Inside a cookhouse at one end of the enclosure was a row of soup boilers. Outside were a series of railings, forming stalls for the prisoners when they lined up for meals. In the morning, some oatmeal and coffee; at noon, some cabbage soup boiled with desiccated meal and some bread; at night, more coffee and bread. How one thrived on this fare depended much upon how he liked cabbage soup. The Russians liked it. They were used to it.

“We never keep the waiter late by tarrying over our liqueurs,” said a Frenchman.

Our reservist guide had run away to America in youth, where he had worked at anything he could find to do; but he had returned to Berlin, where he had a “good little business” before the war. He was stout and cheery, and he referred to the prisoners as “boys.” The French and Russians were good boys; but the English were bad boys, who had no discipline. He said that all received the same food as German soldiers. It seemed almost ridiculous chivalry that men who had fought against you and were living inactive lives should be as well fed as the men who were fighting for you. The rations that I saw given to German soldiers were better. But that was what the guide said.

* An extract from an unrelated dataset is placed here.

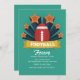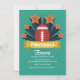 The perfect way to gather friends for the championship game. The teal background features a football with a banner and bursting stars. (FP)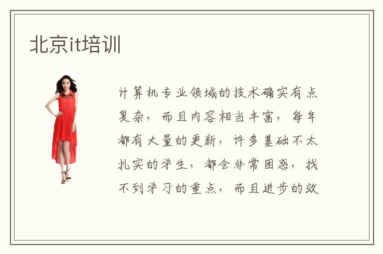 計(jì)算機(jī)專業(yè)領(lǐng)域的技術(shù)確實(shí)有點(diǎn)復(fù)雜,而且內(nèi)容相當(dāng)豐富,每年都有大量的更新,許多基礎(chǔ)不太扎實(shí)的學(xué)生,都會非常困惑,找不到學(xué)習(xí)的重點(diǎn),而且進(jìn)步的效率很低,有時候還會影響個人的學(xué)習(xí)信心。如果有類似困擾,可以報(bào)名專業(yè)的北京it培訓(xùn)學(xué)校,老師往往會針對大家的問題,進(jìn)行詳細(xì)的分析,然后給予多方位的解答,使學(xué)員更快理解自己的缺點(diǎn),一步步進(jìn)行改善。it培訓(xùn)有什么課程,往往有計(jì)算機(jī)編程語言、網(wǎng)絡(luò)開發(fā)與應(yīng)用計(jì)算機(jī)實(shí)踐等等,而且不僅僅只有理論而言,還會介紹許多實(shí)操項(xiàng)目,這樣同學(xué)可以從多個方面共同進(jìn)步。it培訓(xùn)的好處主要體現(xiàn)在幫助同學(xué)挖掘許多不足,然后解答各種困惑,而且學(xué)校的氛圍會更好,大家可以沉浸在這個環(huán)境當(dāng)中,這樣學(xué)習(xí)過程也會更認(rèn)真。

“This is our little sitting-room for the English non-commissioned officers,” he explained, as he opened the door of a small shanty which had a pane of glass for a window. Some men sitting around a small stove arose. One, a big sergeant-major, towered over the others; he had the colours of the South African campaign on the breast of his worn khaki blouse and stood very straight, as if on parade. By the window was a Scot in kilts, who was equally tall. He looked around over his shoulder and then turned his face away with the pride of a man who does not care to be regarded as a show. His uniform was as neat as if he were at inspection; and the way he held his head, the haughtiness of his profile against the stream of light, recalled the unconquerable spirit of the Prussian prisoner whom I had seen on the road during the fighting along the Aisne. Only a regular, but he was upholding the dignity of Britain in that prison camp better than many a member of Parliament on the floor of the House of Commons. I asked our guide about him.